Cousineau wrote that the only other case she’s aware of “where a human rights body ordered compensation to an Indigenous caregiver for discrimination in child welfare is First Nations Caring Society” — a case that’s been making headlines since 2007. 

Bharmal said tribunal decisions such as these can influence other cases across the country.

“They’re not binding on other jurisdictions, but if it’s a significant case, other jurisdictions can … study them carefully and refer to them, and hopefully adopt some of the principles that were articulated.” 

A story of Indigenous resistance

Cousineau wrote that Justine’s story is one of Indigenous resistance.

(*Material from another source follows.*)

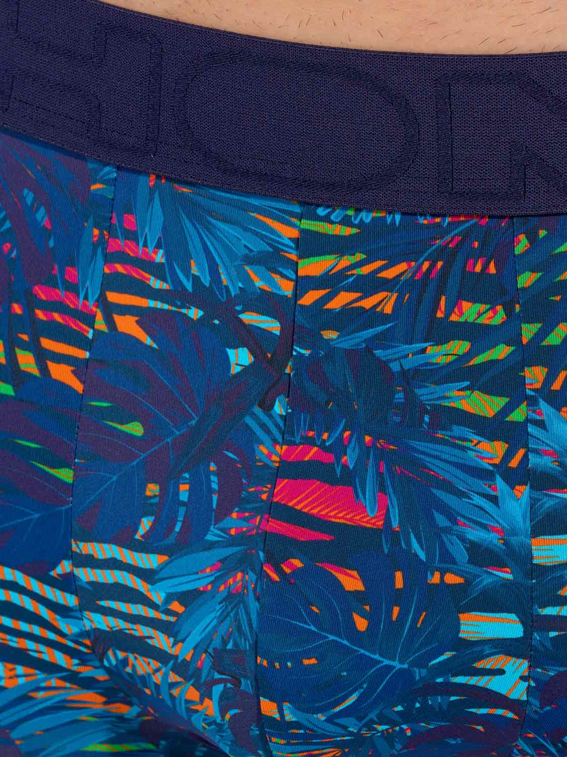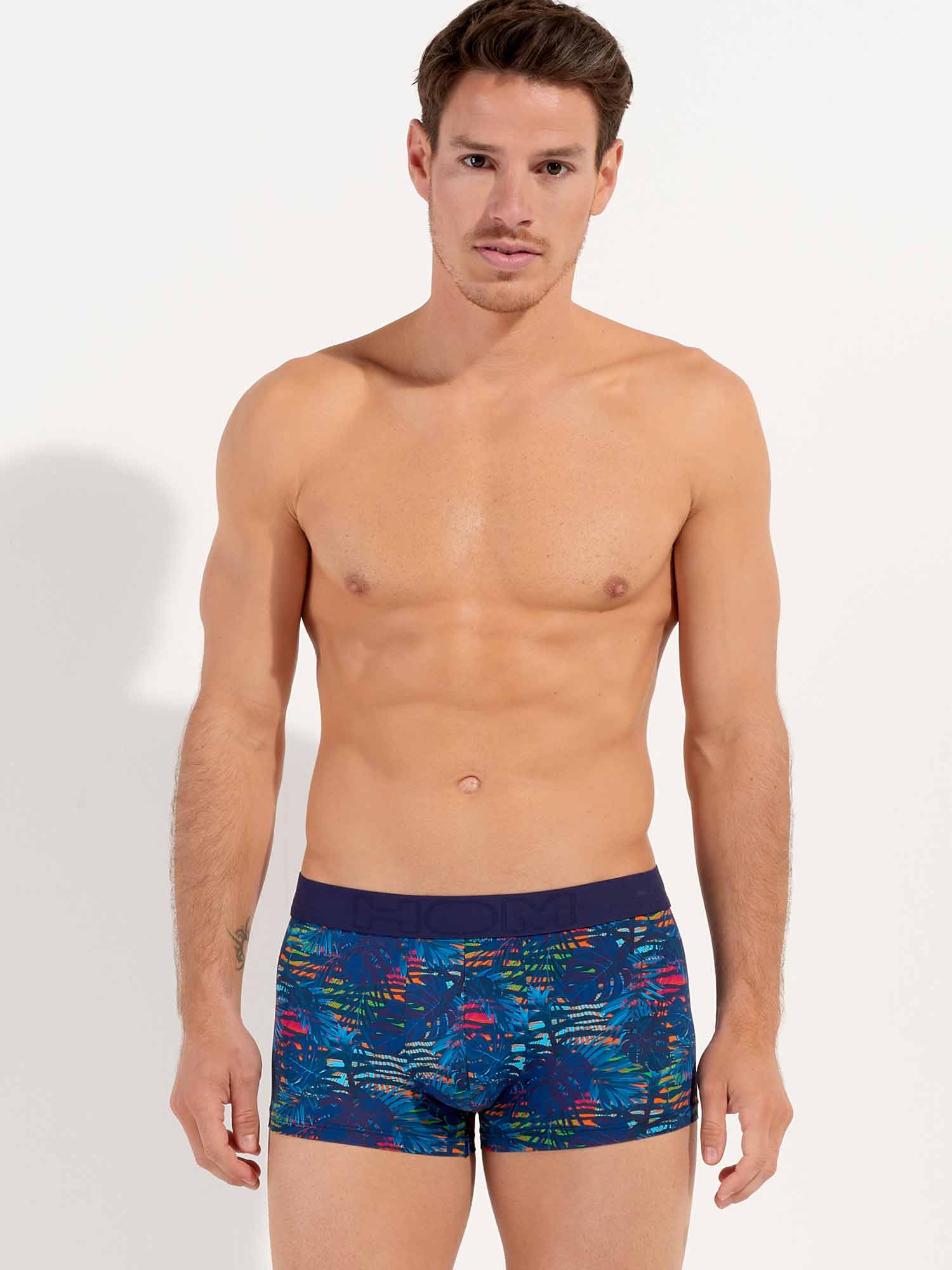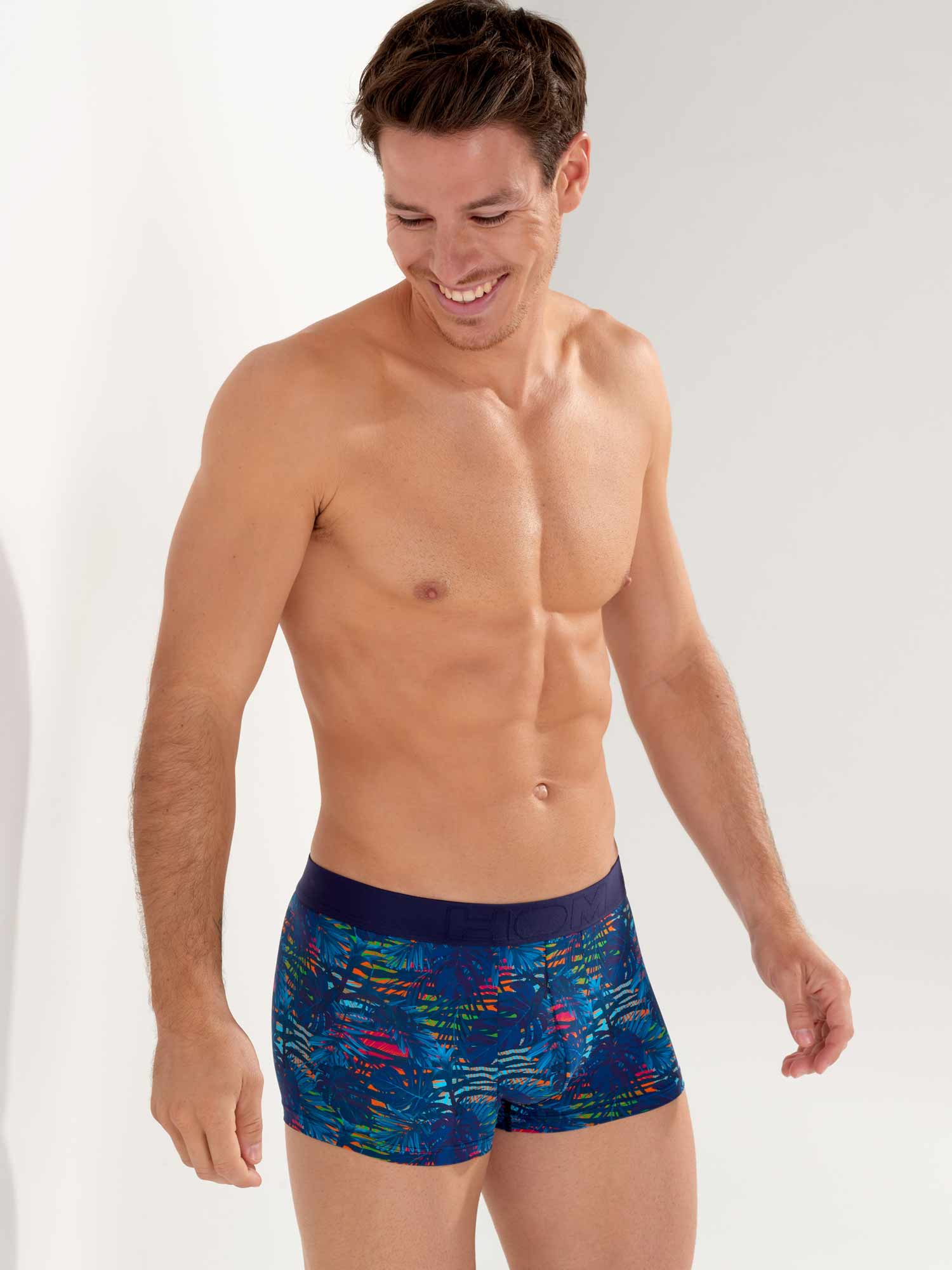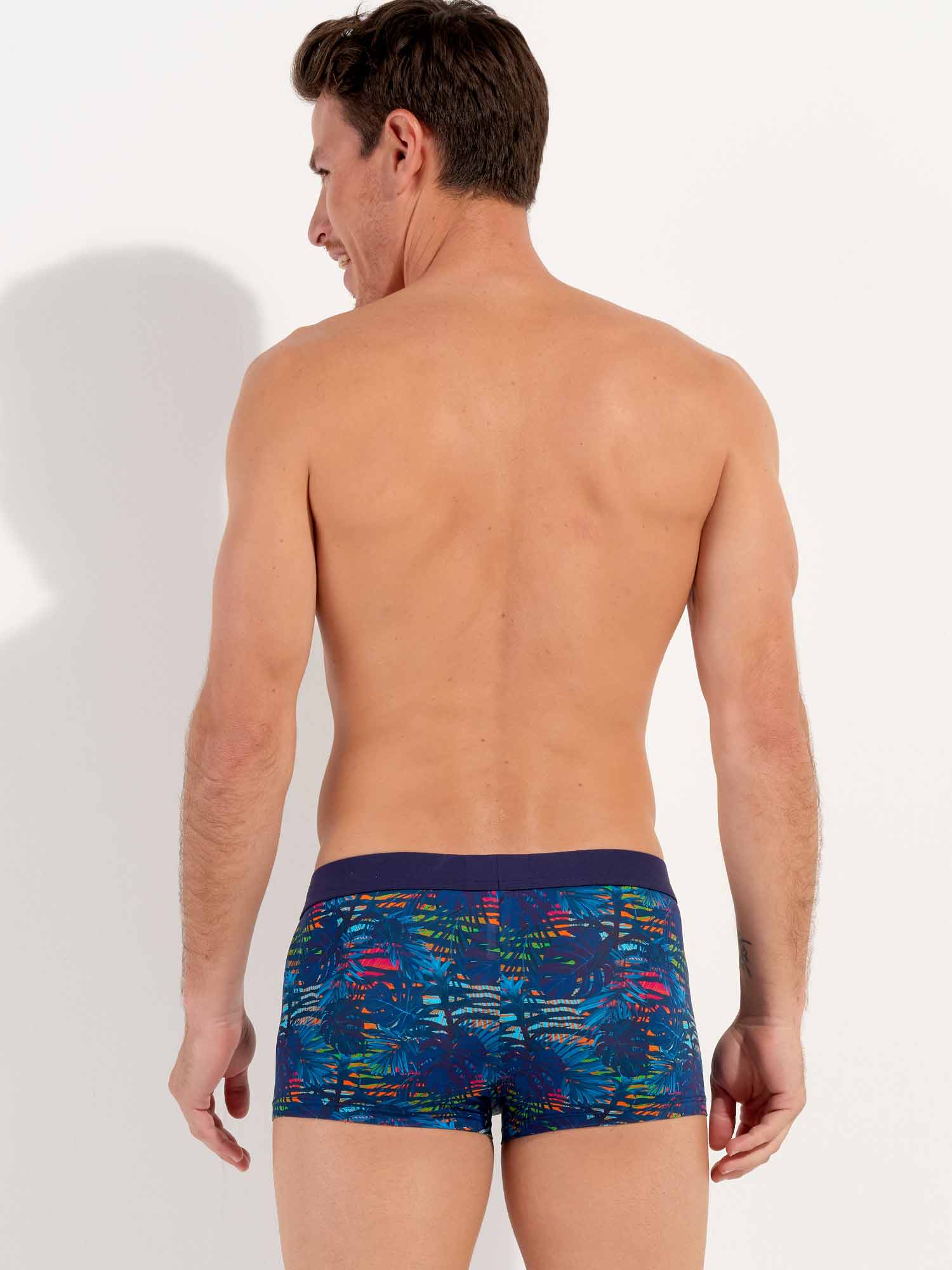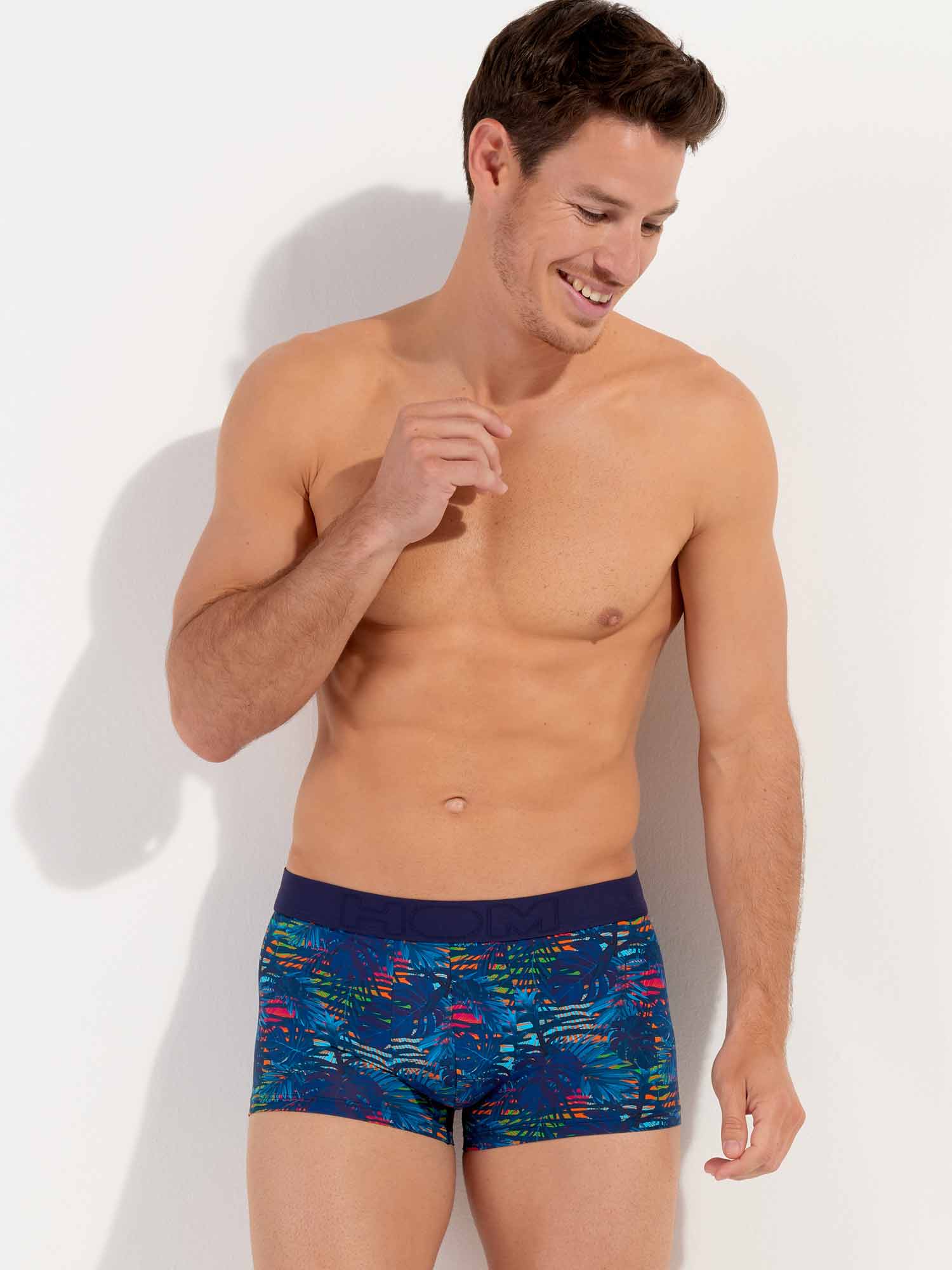 Dreamland - Trunk er lavet af et behageligt mikrofiberstof. Dreamland-designet har et mørkeblåt tropisk mønster på en farverig, camouflage-lignende blomsterbaggrund. Det elastiske taljebånd i marineblåt er lavet af bomuld med HOM-logoet i tone-i-tone.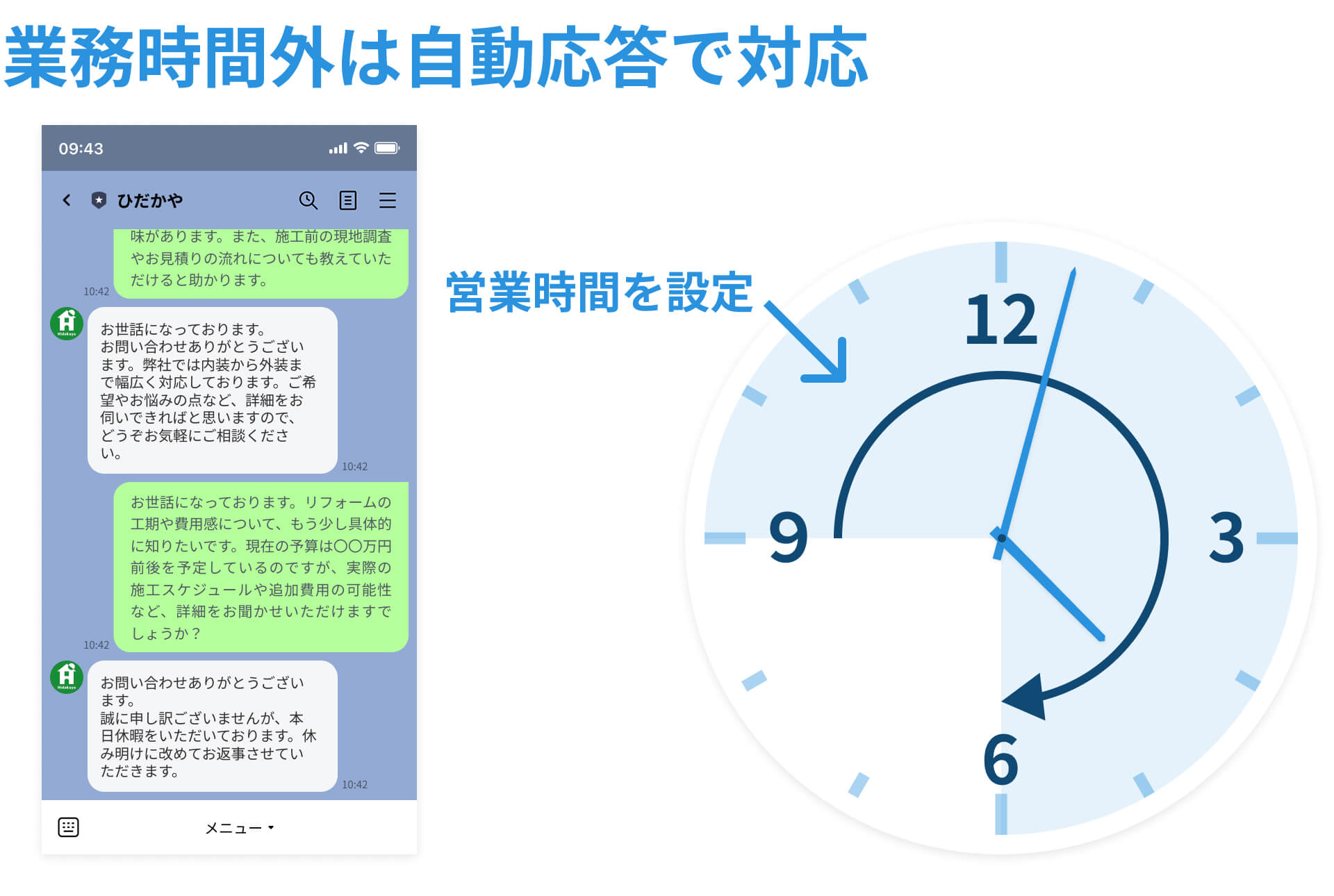 濱田様:一番のポイントは”LINEによる迅速な返信”だと感じています。電話であればその場で用件を解決できますし、LINEの場合も返信までの時間差は生じます。ただ、それはお客様とすぐに電話がつながった場合です。LINEによる迅速な返信を徹底することで、お客様にも返事を待つというストレスを与えずに済んでいるんだと感じています。

“[Justine] is a racialized Afro-Indigenous woman,” she wrote. “She is resourceful, affectionate, a leader in her community, connected to her culture, and loves her children.” 

VACFSS was also born out of Indigenous resistance, Cousineau pointed out. The agency was established by First Nations leaders in 1992 as an alternative to “colonial child welfare.” 

Its main focus during the ‘90s, according to VACFSS’s website, was family support services. It “offered advocacy and support to families involved with the ministry and to whom there was a risk of becoming involved in the child protection system.”

Today its board of directors “is comprised entirely of accomplished Indigenous people with a commitment to the urban Indigenous community,” wrote Cousineau. 

The agency’s “roots in Vancouver’s urban Indigenous community, and significant efforts to mitigate or eliminate the discriminatory impacts of child welfare, are important and recognized.” But these roots and awareness “do not immunize it from the anti-Indigenous racism that is pervasive in Canadian society more broadly and within child welfare specifically.”

VACFSS is “bound to apply provincial child welfare legislation,” she added. In other words, it has to play by a colonial rulebook.  

IndigiNews requested an interview with VACFSS, but the agency did not respond in time for publication. On Wednesday, it released a statement.

“We are now reviewing the tribunal’s decision in detail, but note that the focus of the decision was on the rights of the mother, while from VACFSS’ perspective, parental rights must be balanced with the well-being of children and our responsibility to care for and honour each child as a ‘sacred bundle,’” reads the statement, in part.

“The tribunal acknowledged that VACFSS already prioritizes policies and training about how to serve Indigenous Peoples in child welfare … but we will explore other learnings and continue to enhance and expand on our collaborative efforts and processes, including ongoing partnerships with First Nations communities across Canada.”

Justine said she believes her case is “definitely going to change the way families and moms of Aboriginal ancestry are going to be treated moving forward.”